A new car is a special treat. They smell great, they run great, and they are reliable. Drive one on pothole ridden roads and you most definitely won’t get the most out of it however. Until you fix that road, the car will be shiny and new but it won’t do its job as best it can. In fact, if it had a mind of its own it would be too worried about missing ball joint crushing black (pot) holes. it may occasionally go off the road trying to avoid them. Doh!
Recently, a client was setting up a new workstation that involved fixing a network jack that no longer worked. In the old days, the sheathing on phone wire could be stripped back as far as you liked, it made no difference. Not so with Ethernet cables. In this case, there is at least 2 inches of exposed, untwisted wire before the cable is attached to the jack. You just can’t do this with data cabling.

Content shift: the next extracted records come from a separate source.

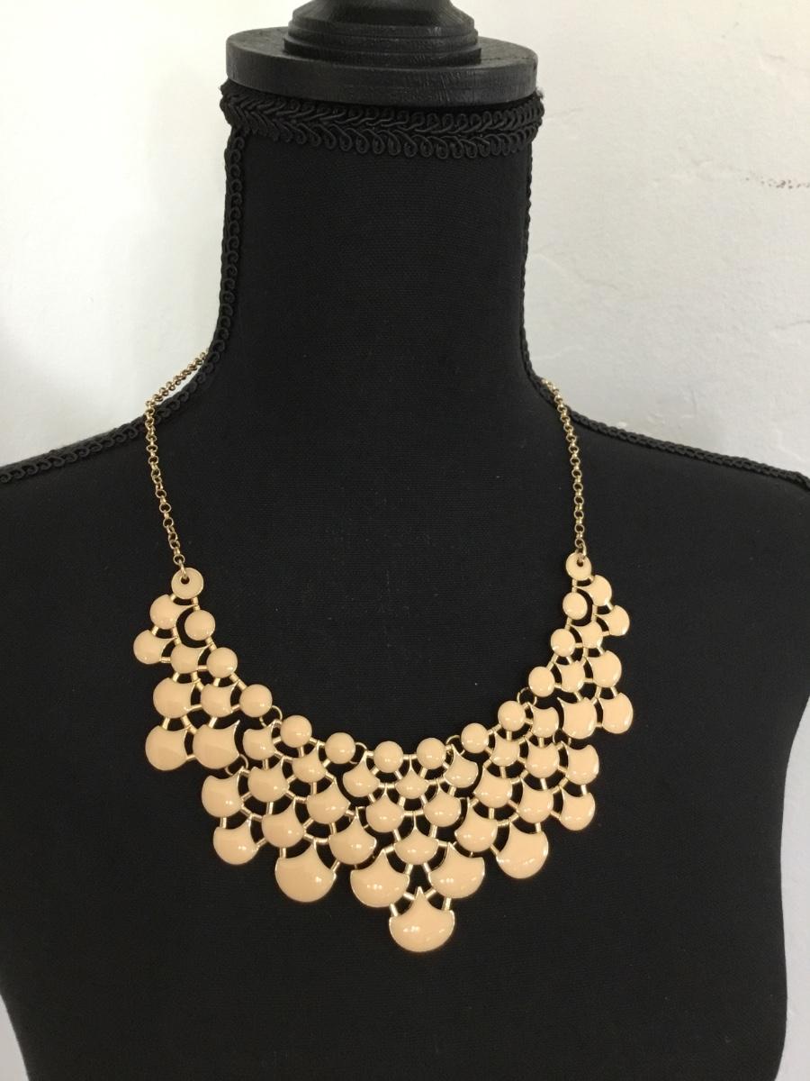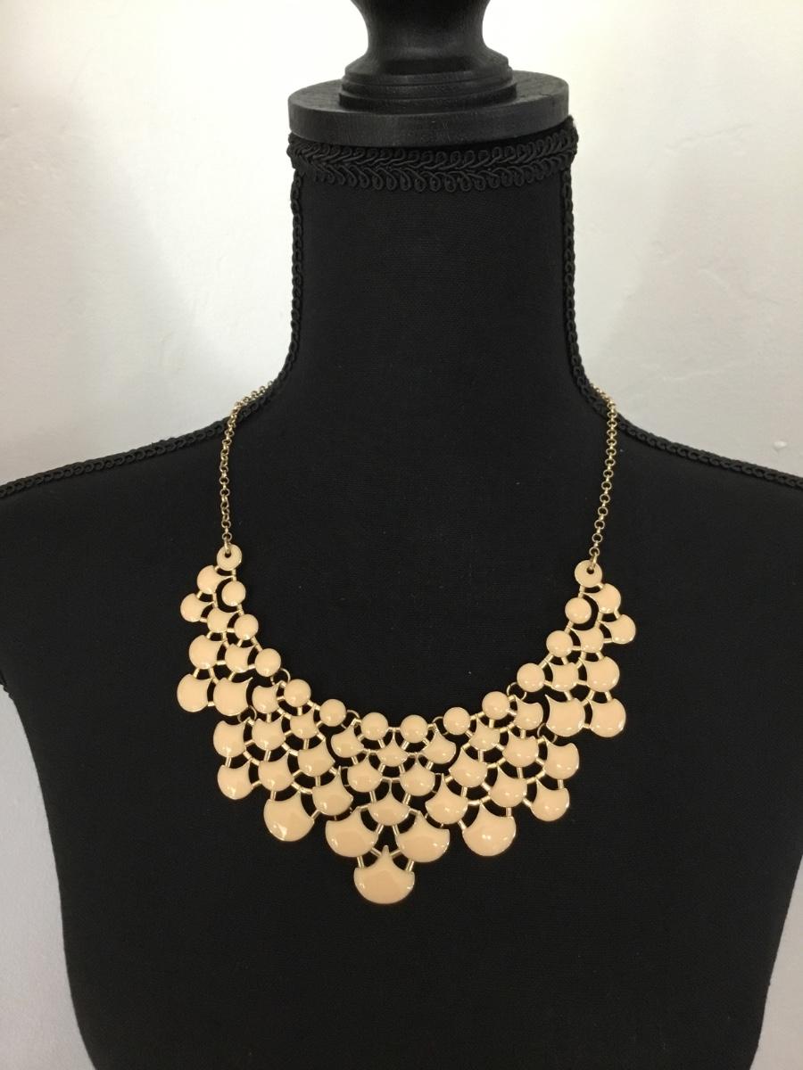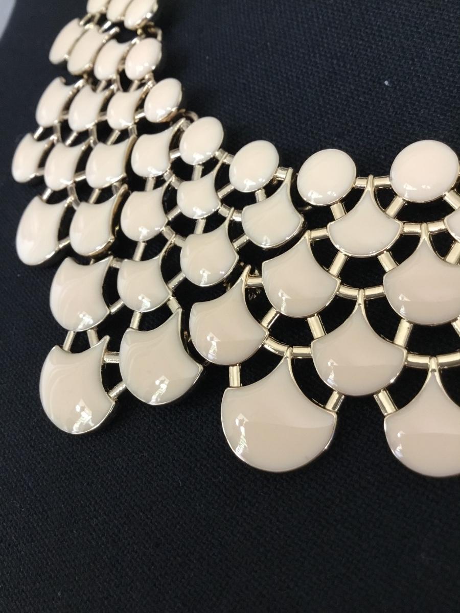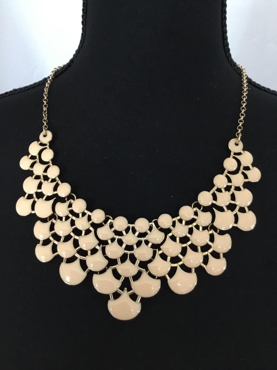 Gold tone cream bib statement necklace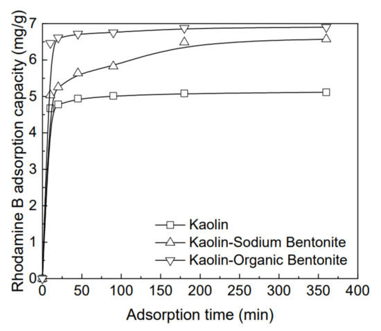 Under the conditions of pH 9.1 and temperature 25 °C, the adsorption process of the three adsorbents for rhodamine B solution, with an initial concentration of 200 mg/L, is chosen as the representative result (Figure 4). It is obvious that adsorption time has a significant effect on the removal quantity of rhodamine B. In the first 10 min, the adsorption amount for rhodamine B by each adsorbent increases rapidly with the increase in adsorption time, and then, with the continuous increase in adsorption time, the increase rate of rhodamine B adsorption amount decreases, and the adsorption amount tends to be stable after a certain time. This is because, in the initial stage of adsorption, there are many active adsorption sites, which can have enough space to contain organic pollutants. With the advance of time, their holding capacity gradually reaches the peak, and the change of adsorption amount turns gentle [7]. The time for kaolin to reach adsorption equilibrium is about 90 min, and the maximum adsorption quantity for rhodamine B is 5.10 mg/g. The equilibrium time of kaolin sodium bentonite is 180 min, and the maximum adsorption capacity of Rhodamine B is 6.57 mg/g. The time for kaolin-organic bentonite to reach the adsorption equilibrium is about 180 min, and the maximum adsorption quantity for rhodamine B is 6.90 mg/g. After adding bentonite to kaolin, the adsorption rate and maximum adsorption quantity for rhodamine B increase. Kaolin-organic bentonite has the fastest adsorption rate and the highest adsorption amount for rhodamine B. The reason is twofold: (1) the scaly lamellar structure of bentonite provides a channel for the adsorption and migration of rhodamine B; (2) the rich adsorption sites on the surface of organic bentonite improve the adsorption efficiency for rhodamine B [23,29].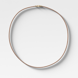 A warm-toned essential for everyday wear. Our tan leather cord necklace features a sleek silhouette and a solid 14k gold clasp—perfect for stacking with your favorite chains or wearing solo. Versatile, elevated, and effortlessly cool.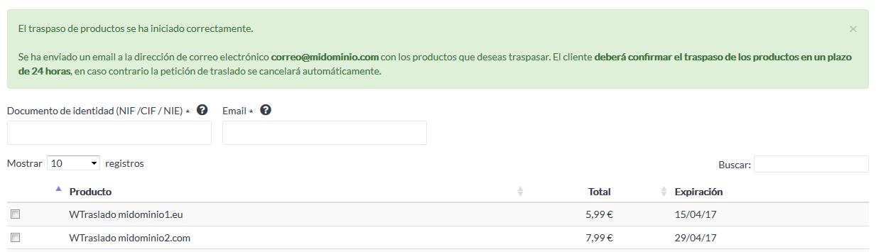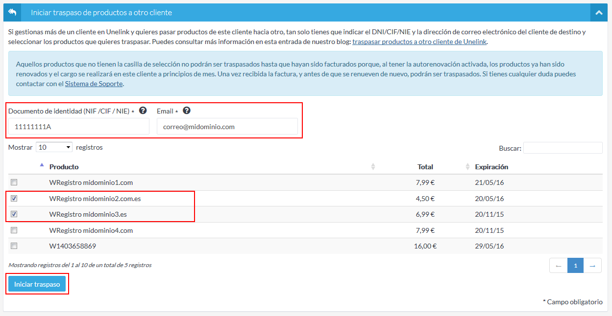 En esta pantalla, en la sección "Iniciar traspaso de productos a otro cliente", tenéis que indicar el documento de identidad (DNI, NIF o NIE) del cliente al que queréis traspasar los productos ("Destino"). Además, también tendréis que indicar el correo electrónico con el que se dio de alta en Unelink. En el listado inferior, seleccionad los productos a traspasar marcando las casillas de la izquierda. Por último, tendréis que hacer clic en el botón "Iniciar traspaso" para que se inicie el proceso.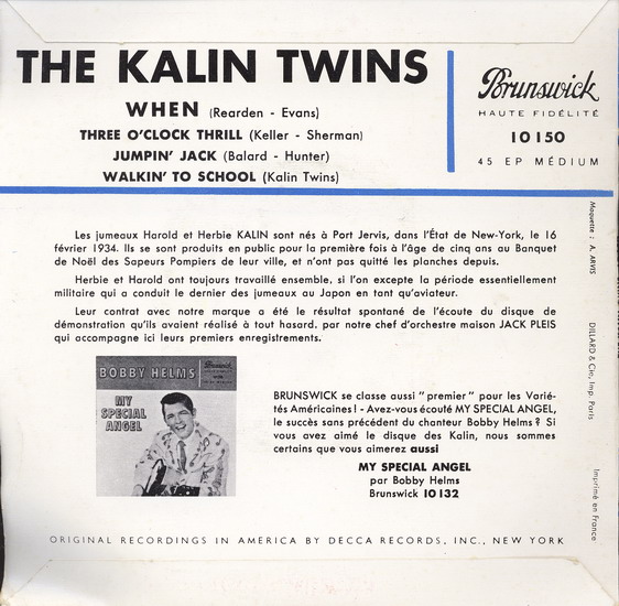heute , The Kalin Twins ihre 2. te Ep auf Brunswick ( Forget Me Not )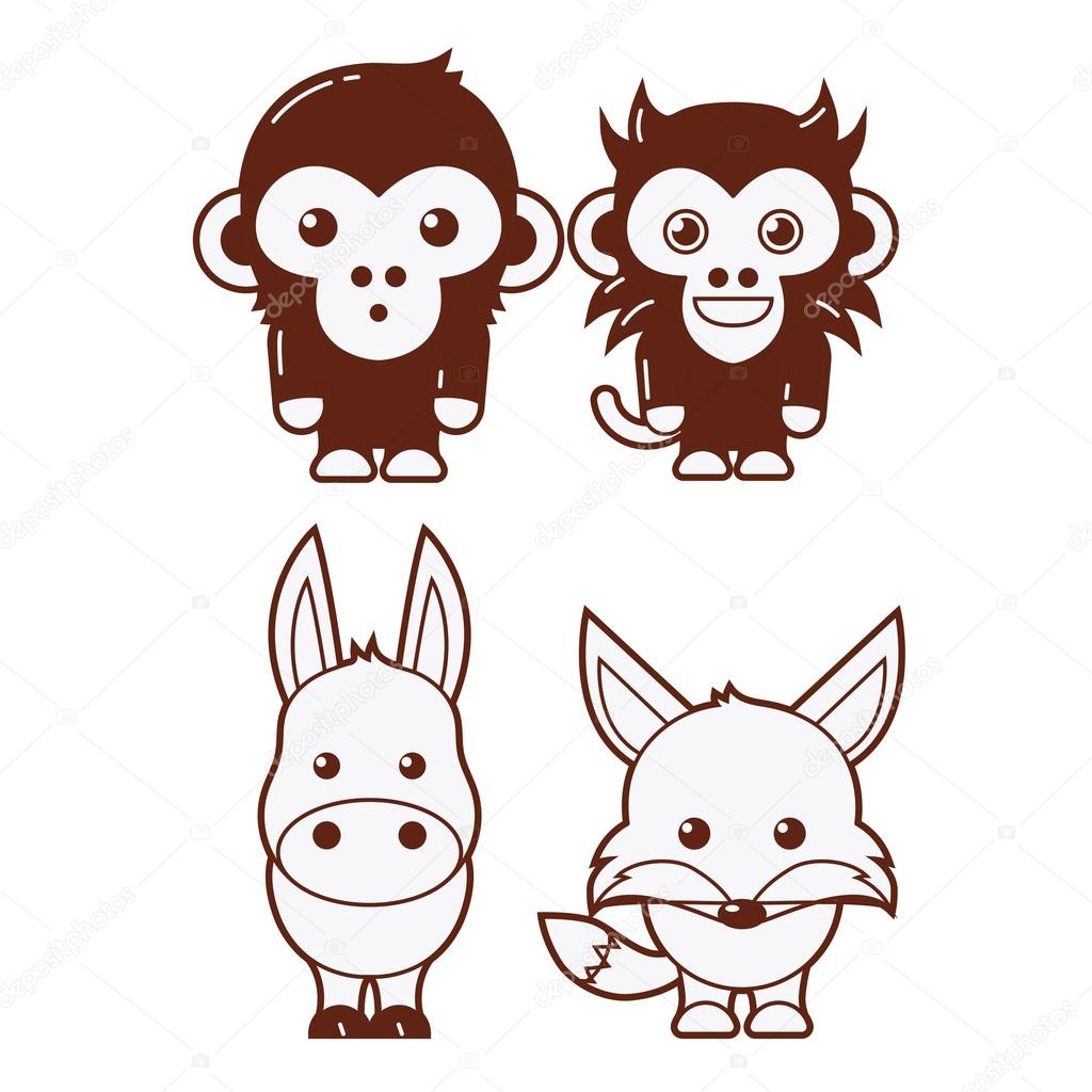 Chimpansee Aap Ezel Fox Schattige Dieren Illustratie by nl.depositphotos.com

Networks are the sum of their parts, the servers that provide, well, services, all of the computers connected to the network, the router(s), the switch(es), the printers, the scanners, and yes, the cables themselves. Let’s be clear on what a network is — if you have more than one device share, for example, an Internet connection, you have a network.
Those cables are like a road and are often forgotten. Business owners who have “gremlins” on their networks almost always dismiss them as insignificant. The twists are manufactured to precise standards to provide electrical properties that networks need to operate properly. Like a bad electrical job in your home, it may work but it’s bound to come back and bite.
Yet businesses spend money like drunken sailors on new equipment, sometimes new IT guys, and often the issue just creeps back up. Like that new car, replace the tires because the ride is rough and the new tires may ride better. It won’t last though. New tires are no match for black (pot) holes.